Given the dinosaur-like status of the fax, it was a surprise that there were two North Carolina decisions last week, one from the Court of Appeals and one from the Business Court, that involved faxes. The appellate decision is a class action case; the Business Court decision addressed the more mundane subject of how much a law firm can charge for sending a fax.
The COA decision, Blitz v. Agean, Inc., involved the Telephone Consumer Protection Act. That federal legislation was enacted 18 years ago, when fax machines were a routine means of communication. The TCPA outlawed the annoying practice of sending unsolicited fax advertisements. It imposed penalties of $500 per unsolicited fax, allowed for attorneys’ fees, and immediately attracted class action lawyer like moths to a flame.
The Blitz case was a purported class action on behalf of 900 individuals who had received multiple faxes from the defendant, a restaurant operator in Durham. The Business Court had dismissed the case in a 2007 ruling, holding that individual inquiries of whether the recipients had consented to the receipt of the faxes, and whether there was a "established business relationship" between the faxer and the faxees, would predominate over the common issues. Judge Diaz also ruled that the claims were better brought in small claims court.
The Court of Appeals reversed, ruling that the need to determine consent wasn’t determinative, and that the decision on whether a TCPA class action should proceed should be made on a case by case basis. On the point about small claims court, the appellate court said that there were circumstances under which a class member’s claims might exceed the $5,000 limit of small claims jurisdiction, and that the small claims court didn’t have the power to enter the injunctive relief permitted under the TCPA and requested by the Plaintiff.

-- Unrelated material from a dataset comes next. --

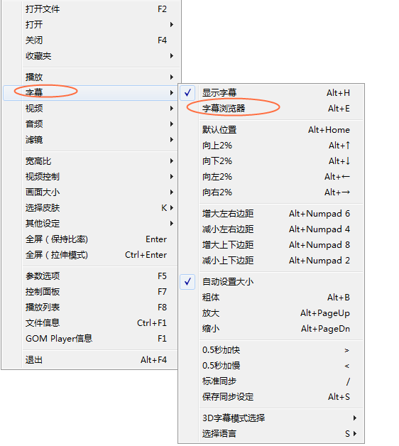 2、接着用快捷键“Alt+E”打开“字幕浏览器”,或者在视频界面点击鼠标右键,在弹出的选项中点击“字幕”—“字幕浏览器”;
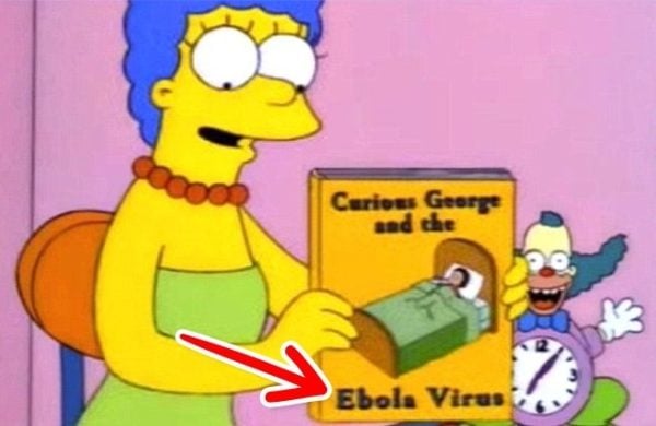 São várias supostas previsões que Os Simpsons fizeram. Uma delas é a epidemia da ebola. Em um episódio de 1997, Bart está doente. Sua mãe entrega para ele um livro chamado "The curious George and the Ebola Virus". Mas o que você acha, coincidência ou uma previsão real?

The other fax related ruling last week, Estwanik v. Gudeman, was a Business Court decision on a completely different subject. The issue was a receiver’s application for fees. The application included a charge of $301 for faxes, which was attributable to 301 pages faxed by the receiver’s counsel to a lawyer in response to three subpoenas.
The receiver’s counsel had asked to send the 301 pages by email, but the lawyer requesting them had insisted on getting them via fax, the same day that the subpoenas were served. The receiver’s law firm apparently charged its standard $1.00 per page fax charge. Judge Diaz rejected the $1.00 per page fee, said it was "exorbitant," and ruled that the receiver should collect it from the attorney who sent the subpoena.
Can a lawyer charge $1.00 per page for a fax? Maybe. This type of charge is covered in ABA Formal Opinion 93-379 (titled Billing for Professional Fees, Disbursements and Other Expenses). The Opinion doesn’t address fax charges specifically, but says the following about the allowable charge for copying by a law firm: "no more than the direct cost associated with the service (i.e., the actual cost of making a copy on the photocopy machine) plus a reasonable allocation of overhead expenses directly associated with the provision of the service (.e., the salary of a photocopy machine operator).
The ABA Opinion goes on to say "it is impermissible for a lawyer to create an additional source of profit for the law firm beyond that which is contained in the provision of professional services themselves. The lawyer’s stock in trade is the sale of legal services, not photocopy paper, tuna fish sandwiches, computer time or messenger services."